Liorae · 23/03/2023 09:55

And I hate to say it but until she had another baby there was nothing stopping her getting a job
Why do you hate to say that? Getting a job is what most people do when money is tight and they are not working.

Nastyurtium · 23/03/2023 10:46

To address a few points:

Living costs: the split would be fair even without the children because the house is primarily mine and I earn double. If we split, I have a big renovated house. He gets what he’s put in. My money is protected. The risk is to him doing unpaid work, but the current living situation benefits him more, so it’s balanced.

What I pay towards the children is the nice-to-haves. I love them and I am choosing to spend money on things like family holidays and days out because I want to. If I stopped, that’d be fine too. OH could afford their basic needs and keep up with his essential payments.

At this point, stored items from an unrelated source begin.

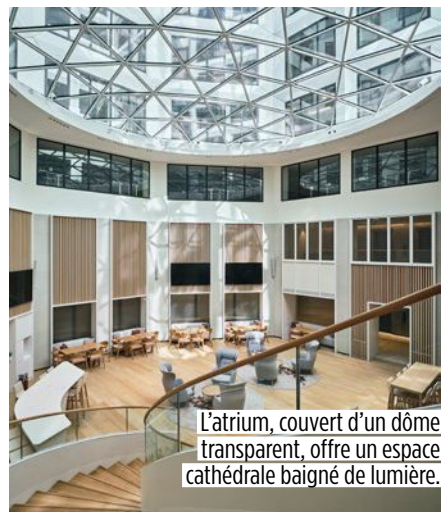
L'atrium, couvert d'un dôme transparent, offre un espace cathédrale baigné de lumière.
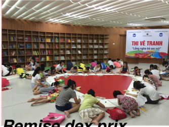
Remise des prix
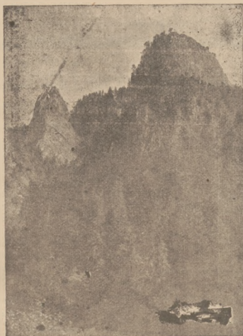
PIKNO PODHAŁA — PIENINY — SOKOLICA.

W samym Zakopanem przebudowano już szereg ulic, oraz dworzec, który nie nadawał się już do przepływu wielkich mas przybywających tu turystów.
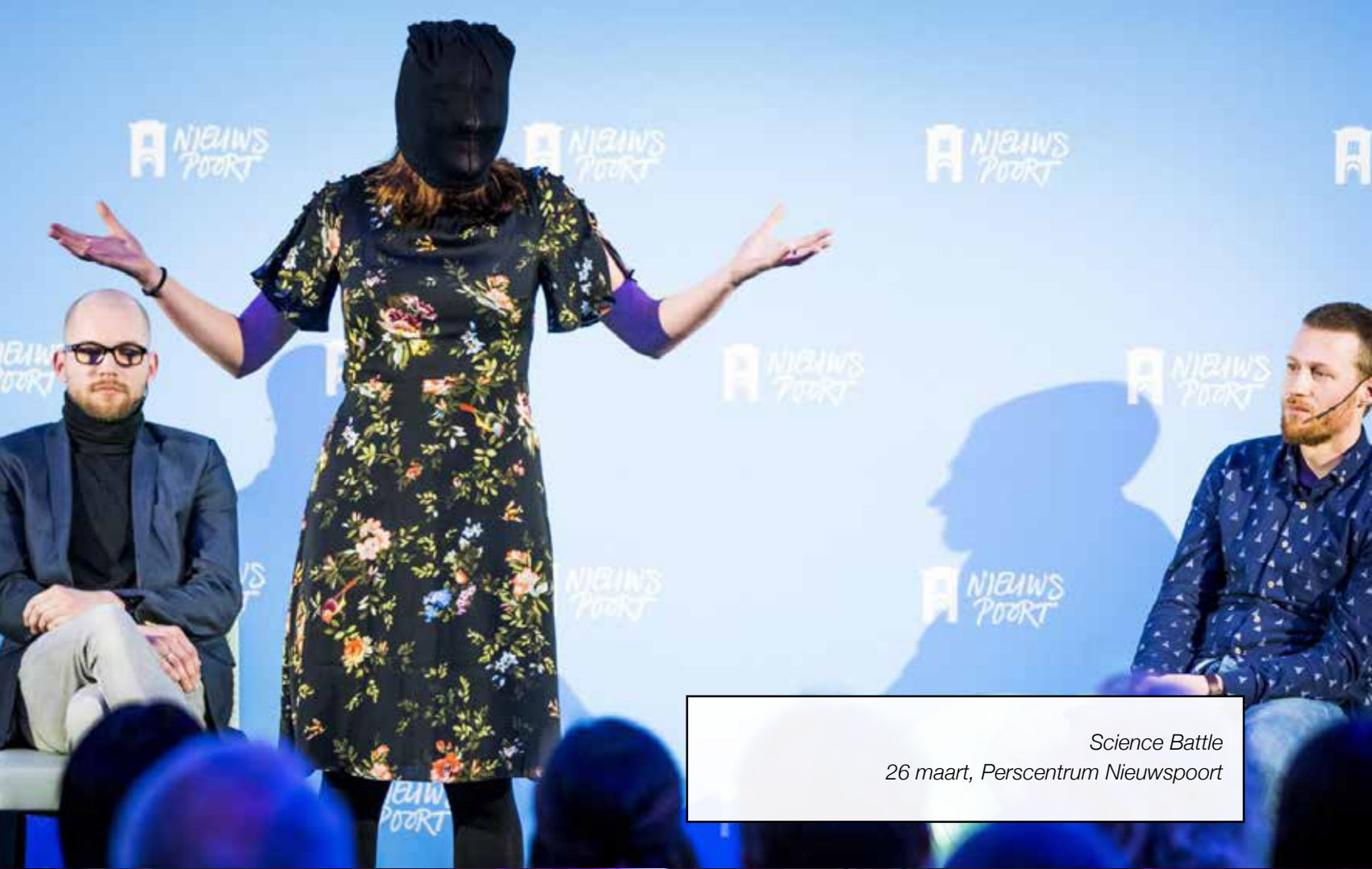
Science Battle 26 maart, Perscentrum Nieuwspoor
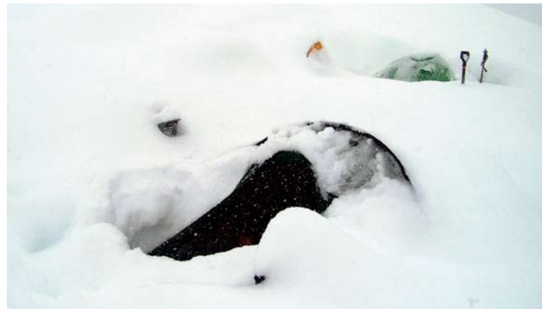
Efter tre dage med snestorm i lejr 4 (6180m) er vi ved at sne inde. Her ses indgangen til vores Hilleberg Nallo2 telt.....

Næste dag hvor vi skal gå videre er det dog en anden sag. Det er igen tåget og sigtbarheden er lav. Sporet er mere eller mindre sneet til, så eneste holdepunkt er wands (bambuspinde med flag på) som er sat med 50-100m mellemrum af tidligere ekspeditioner. Ofte må vi vente 5-10 min ved en wand, før vi kan få øje på den næste i den varierende tåge. Vi kommer dog langsomt men sikkert fremad og kommer til camp 2 i 6180m efter nogle timer. Vi vil dog gerne lægge vores

Animosity: we only communicate by email with his ex so the children shouldn’t be aware of it, however it’s hard to feel much empathy when you have young children coming out with “mum says you have lots of money and you like spending it so you need to buy us new football shoes” and “mum says dad doesn’t give her any money and he should.” I’ve tried to be friendly but she doesn’t seem to respect us and at this point it’s mutual. We are cordial.

I could afford a child by myself, but I don’t want to do that. And there’s other men available, but have you found one in their late 30s who is childfree but wants children, is kind and loving, wants a settled relationship, earns 80k yet is on flexible hours to do school pick ups, works full-time and is willing to do about 30hrs a week on top of that doing renovations, and has zero baggage lately? Yes, OH is lucky to have me, as are the children, but I feel lucky to have them too.